Now build on Gowers’ idea. Consider the possible maximum-sensitivity planes reachable from each of the d blue points on coordinate axes. Note that by construction, the plane(s) associated to the ith coordinate axis have constant ith coordinate (b/c there’s a normal in that direction always). Each max-sensitivity plane has at most 2r normal directions, and each contains the normal direction from the original coordinate axis, so there must be are at least d/2r such max-sensitivity planes.

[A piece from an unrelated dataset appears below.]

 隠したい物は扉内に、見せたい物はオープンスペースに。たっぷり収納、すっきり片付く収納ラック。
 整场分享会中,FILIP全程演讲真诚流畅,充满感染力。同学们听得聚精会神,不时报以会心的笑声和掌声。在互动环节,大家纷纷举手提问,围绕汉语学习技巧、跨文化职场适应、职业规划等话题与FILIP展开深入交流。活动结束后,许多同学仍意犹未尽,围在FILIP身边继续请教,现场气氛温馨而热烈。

I think we might be able to push through the other side of the inequality with at least a polynomial bound but I need to go to sleep now and I’m thinking there’s a good chance some or all of the above is wrong..

To be continued..
Ian Says:
Comment #85 July 30th, 2010 at 10:53 pm
I reworded my previous ideas more cleanly and better typeset on the Math Overflow site:
http://mathoverflow.net/questions/31482/the-sensitivity-of-2-colorings-of-the-d-dimensional-integer-lattice/33971#33971
anon Says:
Comment #86 August 9th, 2010 at 1:23 pm
Scott … the overall post and the idea seems somewhat taken from a paper you recently reviewed for a journal ?
Scott Says:
Comment #87 August 9th, 2010 at 5:33 pm
anon #86: I truly, honestly have no clue what you’re talking about. I didn’t recently review any paper having anything to do with s vs. bs.
michael Says:
Comment #88 August 10th, 2010 at 8:17 pm
I hope you don’t mind frivolous comments on this impressive blog. I want to point out a nice link to a different Philomath concept: the Philomath Frolic and Rodeo –
http://www.philomathrodeo.org/
Andris Says:
Comment #89 August 13th, 2010 at 8:38 am
Tracy (#78):

we do not have such an example for even s at the moment.

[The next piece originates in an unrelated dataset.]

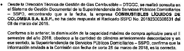 Mediante oficio con radicado CREG E-2018-005869 la Superintendencia de Servicios Públicos Domiciliarios a través de la Delegada de Energía Eléctrica y Gas Combustible remitió la información solicitada por esta Comisión. En atención a lo anterior procederá esta Comisión a exponer el análisis de los resultados de la misma a efectos de resolver las consideraciones y argumentos expuestos por parte de Combustibles Líquidos de Colombia en su recurso frente a la Resolución CREG 048 de 2018.

Regarding the maximizing example, it’s non-unique. Another function that achieves s=3, bs=6 is as follows:
– Denote the variables as x_0, x_1, x_2, y_0, y_1, y_2, z_0, z_1, z_2.
– If there is an i such that x_i\neq y_i and x_{(i+1) mod 3}=y_{i+1}, let f=(y_i+y_{(i+1) mod 3}+z_i) mod 2. (If such i exists, it is unique because we either have only one i:x_i=y_i or only one i:x_i\neq y_i.)
– Otherwise, let f=(x_0+x_1+x_2) mod 2.

We do not know if there are more functions or not. The drawback of using a SAT solver is that it outputs one solution to the SAT instance, not all solutions. Madars tried several different SAT solvers. One of them gave the modified Rubinstein function, the other gave the function above.